The shutdown on Thursday again meant aircraft had to ‘self-separate’ from each other and rely on radio broadcasts rather than centralised information from air traffic controllers.

Switching to TIBA – traffic information broadcasts by aircraft – leads to delays and cancellations, with Virgin’s policy not to operate in TIBA airspace where possible.


An Airservices spokesperson told The Australian that during this period, it would “manage the airspace safely by implementing internationally recognised procedures and continuing to provide a flight information service, a search and rescue alerting service and a safety alerting service using an air traffic controller who will monitor the frequency the pilots are operating on and surveil the airspace”.

Airservices added it was “enhancing its service resilience” by recruiting more than 50 trainees nationwide in the next three months and that 80 air traffic controllers are due in the 2024 financial year.

Earlier this year, Airservices again denied a long-term staffing issue, arguing it employed 900 ATCs but only required 800 to staff its network fully.

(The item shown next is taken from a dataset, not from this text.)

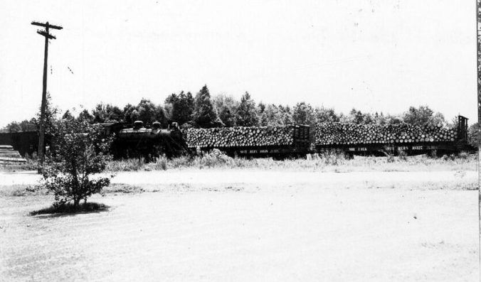 Finally, we see a train load of logs rolling down the branch of the Atlantic Coast Line Railroad between Plymouth and Williamston, N.C., ca. 1938.

Staff shortages post-pandemic are becoming a significant issue for the industry, with Bonza and Rex among the major organisations reporting problems.

This week, Australian Aviation reported how cancellations caused by shortages at Bonza left many of its passengers stranded.

The low-cost carrier’s problems are compounded because it mostly flies ‘low frequency’ routes not serviced by its rivals – meaning customers often struggle to find alternative transport home.

In addition to scrapping past services, Bonza has cancelled at least seven future flights, with customers finding out weeks in advance.

It comes weeks after Rex also blamed a shortage of pilots and engineers for issuing profit guidance predicting an operational loss of $35 million and for grounding multiple services.